Item 5.07. Submission of Matters to a Vote of Security Holders
The following proposals were submitted to the stockholders at the Urban One,
Inc. (the "Company") 2022 Annual Meeting of Stockholders held on June 14, 2022
("Annual Stockholders Meeting"):
The election of Terry L. Jones and Brian W. McNeill as Class A directors to
serve until the 2023 annual meeting of stockholders or until their successors
are duly elected and qualified.
The election of Catherine L. Hughes, Alfred C. Liggins, III, B. Doyle Mitchell
and D. Geoffrey Armstrong as directors to serve until the 2023 annual meeting of
stockholders or until their successors are duly elected and qualified.
The ratification of BDO USA LLP as our independent registered public accounting
firm for the fiscal year ending December 31, 2022.
For more information about the foregoing proposals, see our proxy statement
dated April 29, 2022, the relevant portions of which are incorporated herein by
reference.

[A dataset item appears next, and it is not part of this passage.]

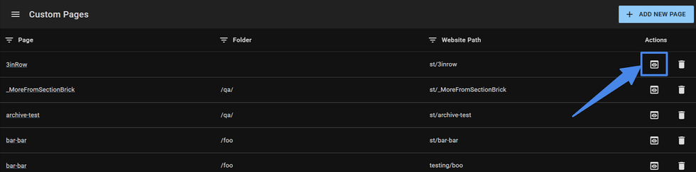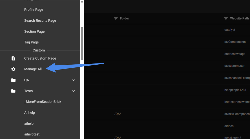 You can manage all your custom pages from the "Manage All" option on the sidebar menu (will add this as link r/layouts-editor/?#/custom-pages), here you will see a list of all the custom pages you’ve created.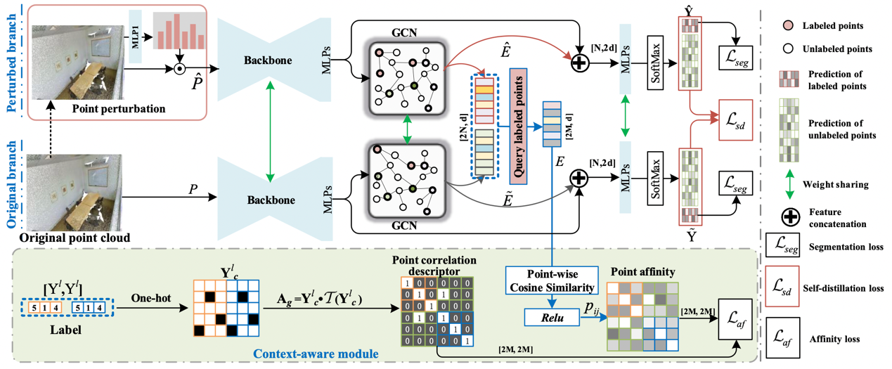 本文的第一作者是信息学院计算机科学与技术系2018级博士生张亚超,通讯作者是信息学院计算机科学与技术系曲延云教授、华东师范大学谢源教授。针对全监督大尺度点云分割任务需要大量完全标注导致的高成本的缺陷。本文提出了一种扰动自蒸馏的弱监督大尺度点云分割方法。借助自监督学习框架,构建了扰动分支,并引入了扰动分支和原始分支之间的预测一致性限制。通过自监督学习,为无标记点引入了附加的监督信息,来约束图卷积层,从而有效地建立整个点云的图拓扑关系,从而实现标记点和未标记点之间的信息传播。除了在对点云中的点施加监督外,我们还提出了可插拔的上下文感知模块,通过标记点之间的亲和度,来约束特征关系。因此,可以进一步细化点云的图拓扑。在三个大规模数据集上的实验结果表明,与最近的弱监督方法相比,所提方法取得了显著的提升(平均 3.0%),并且所提出的弱监督方法达到了与全监督方法相媲美的结果。

To be elected, each Class A director nominee must receive the
affirmative vote of a plurality of the votes cast by the holders of the Class A
common stock. Each Class B director nominees are elected by the holders of Class
A common stock and Class B common stock voting together as a single class but
each share of Class A common stock is entitled to one vote and each share of
Class B common stock is entitled to ten votes. Members of our board of directors
are elected by a plurality of votes cast. This means that the nominees that
received the most votes cast were elected to the board, even if they did not
receive a majority of votes cast. At the close of business on April 14, 2022,
there were 9,104,916 shares outstanding shares of our Class A common stock and
2,861,843 outstanding shares of our Class B common stock. Accordingly, a total
of 37,723,346 votes could be cast at the meeting. Class C and Class D common
stock were not entitled to vote on any proposal presented at the meeting.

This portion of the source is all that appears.